Matías y uno de los mozos, desde el potro, empezaron a atraer el cajón. Cuando estaba bien fuera, lo bascularon sobre la escalera y entre Plinio y el otro mozo lo recibieron sobre el pecho, hasta descansarlo, entre todos y poco a poco, en el suelo.

Era un cajón de pino de unos dos metros de largo y más de medio en cuadro; de maderas recias, con refuerzos y precintos.

Plinio empezó a examinarlo con cuidado por todos los lados.

– No se ve dirección ni remite – comentó Antonio con cierto respiro.

– No señor – replicó Plinio -. Venga, quítale la tapa.

Matías, ayudado por uno de los hijos, con la piqueta fue saltando los precintos.

– ¡Ay, Señor! – suspiraba el Faraón, entre bromas y veras.

Don Lotario esperaba con la cabeza tan en el suelo que era milagroso su equilibrio. El médico, con la boca torcida y la mano en el nudo de la corbata, miraba casi de medio lado, con el perfil un poco encima del hombro. Y Plinio, con las manos en la espalda, algo despatarrado y la boca apretada. No se oía otra cosa que el ruido seco de las tablas al quebrarse.

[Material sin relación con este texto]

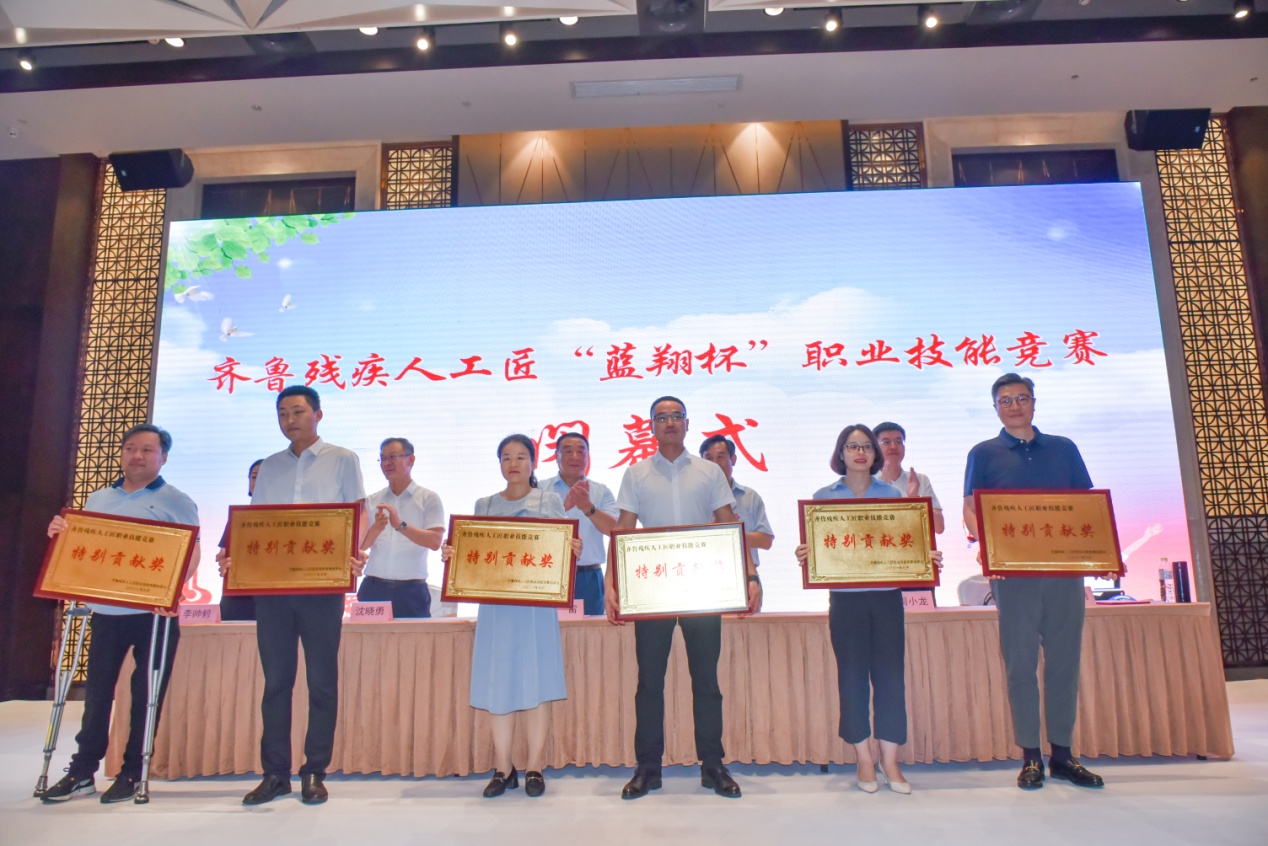 本次竞赛由省残联、省人力资源社会保障厅、省总工会主办,活动现场,赛事组委会为麦德森集团等6家单位颁发了“特别贡献奖”荣誉牌匾。

Lo primero que apareció fue una gruesa capa de corcholina.

– Debe ser pieza delicada por la buena colcha que trae – dijo el Faraón no muy seguro de hacer gracia.

Cuando estuvo el cajón sin tapa, todos quedaron mirando la corcholina. Sin atreverse a hurgar. Aquello les daba muchísimo respeto. Plinio se agachó, y con tiento, empezó a retirar las vituras de corcho. Movía las manos con levedad, como si removiera pétalos de flor. Por fin, las detuvo, palpó con presión por distintos sitios y se puso de pie. Miró a todos e hizo lentamente gestos afirmativos con la cabeza.

– ¡Ay, mama mía!

– Venga, descubrirlo del todo.

Matías y sus hijos empezaron a quitar las virutas a puñados. En seguida, envuelto en una manta y bien atado, quedó al descubierto la forma de un cuerpo humano.

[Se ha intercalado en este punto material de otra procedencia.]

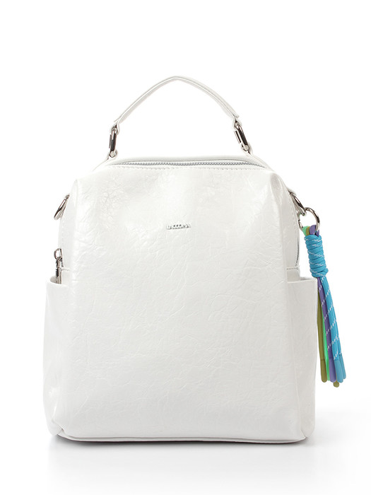 Конструкция рюкзака продумана до мелочей. Две укреплённые стропой съёмные регулируемые ручки длиной 85 см позволяют удобно держать аксессуар в руке или носить как рюкзак — это идеальный вариант для коротких перемещений или шопинга. А съёмная регулируемая ручка на плечо (135 см) позволят носить сумку через плечо. Такая многофункциональность делает модель незаменимой для активных женщин, которые ценят комфорт и удобство.

– Homo est… – dijo el veterinario.

Otra vez todos se dieron a la contemplación.

– Venga, cortad las cuerdas – insistió Plinio.

El camposantero sacó la navaja con aire decidido y tajó las ligaduras del fardo. Todavía hubo que rajar la manta. Estaba el paquete hecho con tanto esmero, que no podía desliarlo aun sin ataduras.

Era hombre. Envuelto en sudario blanco. Aparentaba unos setenta años. Nariz aguileña y boca sumida. Parecía muy alto. Una crencha de pelo cano asomaba bajo el capuz. Las manos llevaba cruzadas sobre el pecho. La piel, de un blanco morado.

El médico se inclinó sobre el cuerpo.

– No hiede – dijo el enterrador.

– Está embalsamado – aclaró el forense, que olisqueaba el sudario y le tocó la nuca.

– No creo haberlo visto en mi vida – dijo el Faraón con alivio.

– No parece cara conocida, no – confirmó el veterinario.

– ¿Cuánto tiempo llevará muerto, doctor? – preguntó Plinio.

– No es fácil determinarlo. El embalsamamiento parece hecho a conciencia. Lo veré bien después. De todas formas no mucho.

– No me suena de nada – repitió el Faraón tranquilo.